Una volta ufficializzata la graduatoria, i progetti che rientrano nel primo lotto di finanziamento hanno 240 giorni per presentare un progetto più dettagliato su cui poi potranno essere messi a gara, ottenuti i fondi, le opere da realizzare.

In questa prima tranche di progetti ammissibili e finanziabili ne rientrano ben due dei tre presentati dalla Città metropolitana di Torino: si tratta di “resiDenza-resiLIenza”, che raggruppa i comuni di Moncalieri (capofila), Nichelino, Chieri, Beinasco, Trofarello, La Loggia e Piobesi Torinese, unitamente all’Ente di gestione delle Aree protette del Po piemontese e  Atc del Piemonte Centrale, che si è piazzato 74esimo su 290 proposte complessive e "Ricami Urbani – ricucire l’abitare metropolitano che raggruppa i comuni di Collegno (capofila) , Grugliasco, Borgaro Torinese con il partenariato di Atc del Piemonte Centrale e Società Cooperativa Edilizia a proprietà indivisa Giuseppe Di Vittorio.

Il terzo, “UBIQuA – Uomo, biosfera, innovazione, qualità dell’abitare” che raggruppa i Comuni di Settimo Torinese (capofila), Venaria Reale, San Mauro Torinese e Foglizzo con il partenariato di Atc del Piemonte Centrale rientra nella seconda tranche di finanziamento. .

Le linee di indirizzo di PINQuA e il bando della Città metropolitana

Lo scorso dicembre la Città metropolitana di Torino aveva avviato, con la collaborazione della Fondazione per l'architettura - in virtù di un protocollo di intesa firmato nello stesso mese dal consigliere delegato allo sviluppo strategico Dimitri De Vita e l'Ordine degli architetti di Torino - una ricognizione di proposte progettuali, con le quali partecipare al programma PINQuA, per ridurre il disagio abitativo e insediativo, con particolare riferimento alle periferie e all'incremento della qualità della vita e che attribuissero all'edilizia residenziale sociale un ruolo prioritario.

Il bando, in linea con il Programma PINQuA, prevedeva che ciascun ente locale potesse presentare idee progettuali, con un contributo massimo per ogni proposta ammessa di 15 milioni di euro. Il programma nazionale prevede che venga assicurato il finanziamento di almeno una proposta per regione. I temi attorno ai quali costruire le proposte progettuali erano :

- riqualificazione e riorganizzazione del patrimonio esistente;

- rifunzionalizzazione di aree, spazi e immobili pubblici e privati;

- miglioramento dell'accessibilità e della sicurezza dei luoghi urbani, dei servizi e infrastrutture;

- rigenerazione di aree e spazi già costruiti, soprattutto ad alta tensione abitativa;

- individuazione e utilizzo di modelli e strumenti innovativi di gestione, inclusione sociale e welfare urbano nonché di processi partecipativi, anche finalizzati all'autocostruzione.

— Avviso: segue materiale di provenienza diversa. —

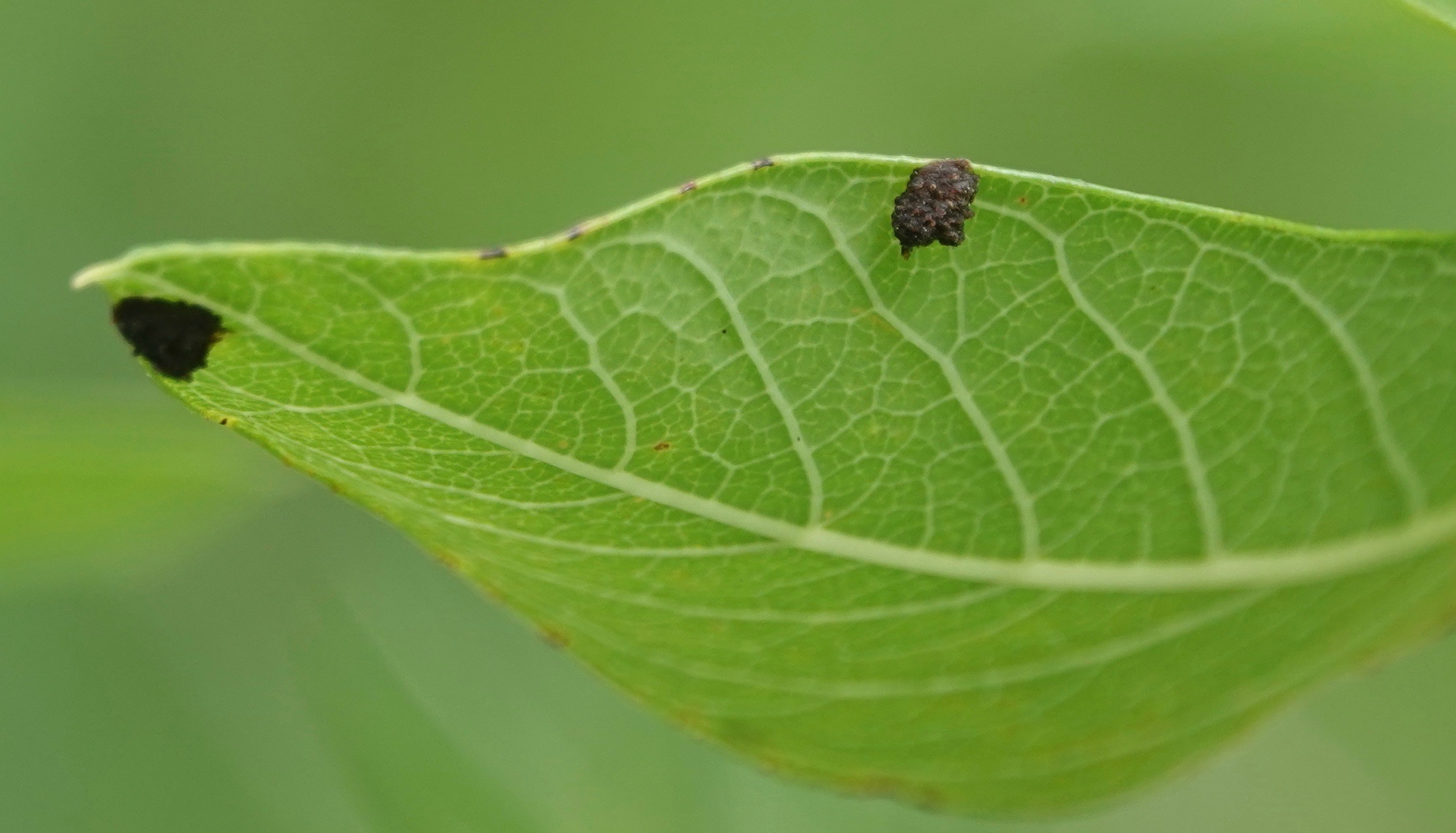 I also noticed a number of these things under the leaves of the dogbane. At first I wondered if they were Exema genus warty leaf beetles, which look like little clumps of poo. (Most of these dogbane plants were behind a fence and I couldn’t get up close and personal.) But no, they are little clumps of poo: these are, I learned, Dogbane Leaf Beetle eggs cleverly disguised with frass, i.e., beetle excrement.
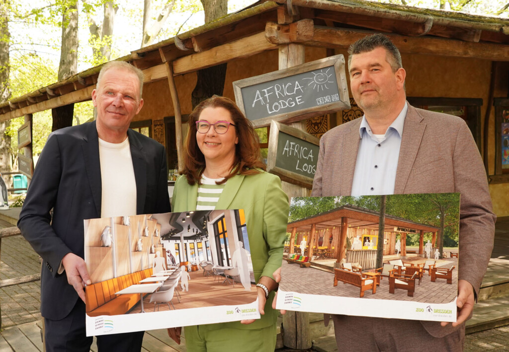 Beim heutigen gemeinsamen Pressetermin stellten Zoo-Geschäftsführer Karl-Heinz Ukena und die beiden Geschäftsführer der Weißen Flotte Sachsen GmbH Astrid Rockel und Stefan Bloch die Entwürfe und geplanten Umstrukturierungen an den beiden Gastronomie-Standorten vor. In das Pinguin Café sollen zwischen 600.000 – 800.000 Euro investiert werden, um dort die Sitzkapazität zu erhöhen und die Raum- und Platzgestaltung zu optimieren. Die Bestuhlung soll mehr zum Verweilen einladen und mehr die behagliche Stimmung eines Eiscafés erhalten. Während die Umbaumaßnahmen für das Pinguin Café erst Ende 2027 in Angriff genommen werden, soll die Africa Lodge bereits zum Jahresende 2026 komplett neu gebaut werden. Ziel ist, die neue Africa Lodge im neuen Gewand zum Saisonstart 2027 wieder zu eröffnen. Neben einer deutlich erhöhten Sitzkapazität wird es vor allem mehr überdachte Sitzplätze als bisher geben, um auch an regnerischen Tagen ein gastronomisches Angebot im Außenbereich anbieten zu können.

La risposta territoriale era stata un successo, considerando anche la difficoltà per i Comuni di organizzarsi, oltre tutto in tempi di lockdown e di congenita mancanza di personale: parteciparono alla “call” della Città metropolitana di Torino 24 Comuni oltre all’Atc, (Agenzia territoriale per la casa del Piemonte centrale), per un totale di oltre 200 milioni di euro, proponendo progetti singoli o in forma aggregata, fra i quali vennero individuati i tre progetti che hanno poi partecipato al bando e hanno ottenuto l’ammissibilità.